The patient remained in the ICU postoperatively for 15 days, during which the microbiological etiology was identified to be methicillin-sensitive S. aureus, prompting rationalization of the IV antibiotics to IV flucloxacillin. The patient was eventually transferred to the state rehabilitation center, prior to which her neurological examination had improved to 4/5 power throughout the left upper limb, 3/5 in the right upper limb distally, and 2/5 in the right upper limb proximally. She remained paraplegic, with a positive bulbocavernous reflex.
Patient Informed Consent
The necessary patient informed consent was obtained in this study.
Discussion
Spinal subdural empyemas are a rare presentation of rapid neurological decline, with an unknown incidence, as opposed to the more common spinal epidural empyemas.10, 11 Fewer than 80 cases have been reported in the literature, of which the majority occurred in the pediatric population.11 A relative rise in incidence in recent decades could be attributable to the development of and improved access to refined MRI.12 Before the advent of modern radiological techniques, diagnosis required clinical and biochemical suspicion, a positive lumbar puncture, or myelographic block.12 The natural progression from pyrexia, with or without radiculopathy, to mild sensorimotor or sphincter dysfunction and finally to paralysis with complete sensory loss occurs expeditiously.12 Thus, quickly establishing an accurate diagnosis is of paramount importance to ensure better treatment outcomes. The mainstay of treatment for spinal subdural empyemas remains surgical evacuation and targeted antibiotic treatment.12–14
The gold-standard investigation for a suspected spinal subdural empyema is whole-spine MRI with pre- and postgadolinium contrast administration sequences.12, 13 Classically, subdural empyemas are intradural, extramedullary, peripherally enhancing collections that are separated from normal epidural fat by contrast-enhancing dura.11 Often, there is pial enhancement along the medullary boundaries of subdural empyemas.11
Observations
In the abovementioned patient, whole-spine MRI demonstrated multiple loculated collections with extensive arachnoiditis. However, the exact location of the empyemas was difficult to establish on imaging and was thought to predominate in the epidural space. Intraoperatively, a small volume of epidural inflammatory fluid without obvious purulence was encountered. Although the thickened, discolored dura could have indicated subdural involvement, this poses a dilemma. If the subdural space was sterile, an exploratory durotomy could cause intradural dissemination of the infection. Given the pulsatility of the theca upon evacuation of the epidural collection, suggesting elimination of significant compression, a decision was made not to explore the subdural space. In retrospect, the presence of radiological arachnoiditis, dorsal compression, and the minimal extradural purulent material encountered intraoperatively should have prompted subdural exploration despite the absence of meningism.

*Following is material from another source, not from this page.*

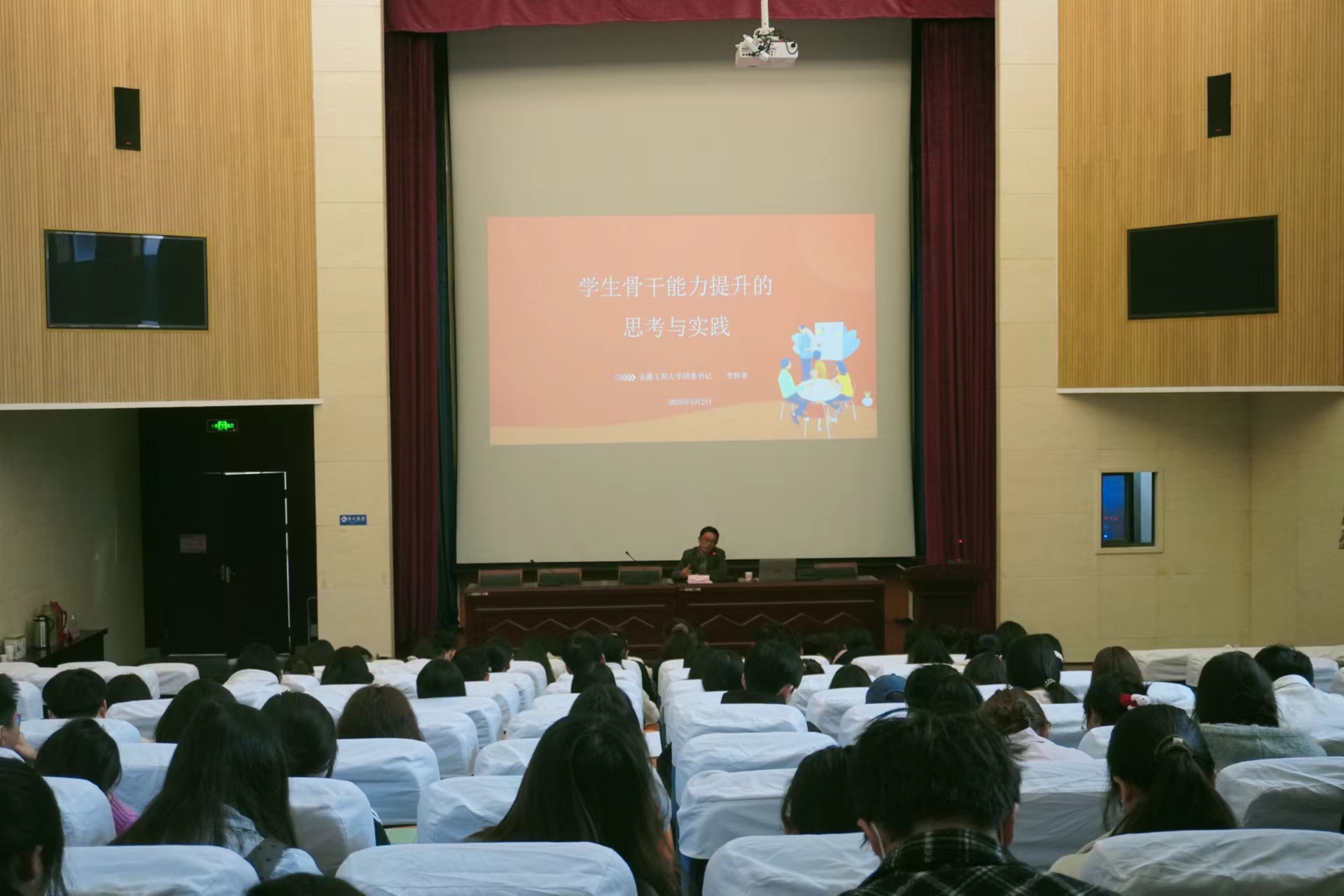为深入学习贯彻习近平新时代中国特色社会主义思想和党的二十大精神,落实习近平总书记关于青年工作的重要思想,扎实做好校青马学员的培养工作,3月2日,我校第十六期青年马克思主义者培养工程专题讲座在滨江校区北区逸夫楼报告厅举行。校团委邀请芜湖市团市委副书记谢翔宇、安徽工程大学团委书记李恒奎、我校习近平新时代中国特色社会主义思想概论教研室主任郭玉琼为全体学员作讲座。讲座由校团委兼职副书记李飞飞主持,第十六期青马班全体学员参加学习。

Intraoperative ultrasonography, historically used in intracranial tumor resections, has gained traction in spinal operations in recent decades.15 First utilized by Reid in 193816 to preoperatively evaluate an intradural intramedullary tumor via interlaminar spaces of the neck, modern sonographic equipment allows for intraoperative anatomical mapping of various structures, both normal and pathological, including the spinal cord, central canal, spinal arteries, tumors, and syringes.15 Thus, it has been used widely in spinal tumor resections, cerebrospinal fluid disorders, spinal traumas, spinal neurovascular surgeries, and instrumentation.15 However, its utility in spinal subdural infection has not been previously published.
Lessons
We hypothesize that ultrasonographic features are likely to mirror those seen in intracranial infective pathologies, particularly in the case of infantile cranial subdural empyemas.17 Compared to anechoic cerebrospinal fluid collections (such as hygromas and arachnoid cysts), infected collections are likely to demonstrate increased echogenicity, with hyperechoic fibrinous strands, thickened inner membranes, and the pia-arachnoid interface.17 In this case, intraoperative sonography would have been invaluable when considering the risks of durotomy and subdural exploration. Evidence of subdural loculations and the aforementioned ultrasonographic features would have likely warranted subdural evacuation in the first operation itself.
Another interesting aspect of this case was the likely etiology of an isolated spinal subdural empyema in the absence of risk factors and no other confirmed focus of infection. There is significant overlap between established risk factors for spinal epidural and subdural empyemas and a predominant incidence among patients who are relatively or otherwise immunocompromised (including those with diabetes, alcoholism, chronic corticosteroid use, malignancy, and human immunodeficiency virus infections), as well as active drug users and patients with recent spinal procedures (including acupuncture, lumbar puncture, spinal surgery, and epidural anesthesia).7, 8, 18
In the absence of prior spinal operations, and therefore in noniatrogenic cases, the pathogenesis of spinal subdural empyemas is not entirely clear. Various theories have been proposed, the most prevalent of which suggests hematogenous seeding from a peripheral source of infection.11 Alternatively, locoregional spread from osteomyelitis of vertebral elements or via hematogenous inoculation during the course of meningitis has been implicated.13 Once within the subdural space, which runs from the foramen magnum throughout the spine interrupted only by penetrating vessels and nerves, its contiguous nature allows for rapid longitudinal dissemination.14
In this case, the etiology of the patient’s spinal subdural hematoma remains unclear. In a septic patient with a significant intradural infection burden, there was no other clinical focus of infection, with negative blood cultures and sputum samples preoperatively. Although the patient did have a swollen ankle, there was no radiological evidence of osteomyelitis or biochemical confirmation of septic arthritis upon needle aspiration. With regard to her fall approximately a month preceding her presentation, our hypothesis is that a small volume of noncompressive spinal epidural hematoma may have occurred, with a subsequent superimposed infection, as seen in previously published cases.19 However, it remains unclear why epidural samples from the first operation did not yield bacterial growth.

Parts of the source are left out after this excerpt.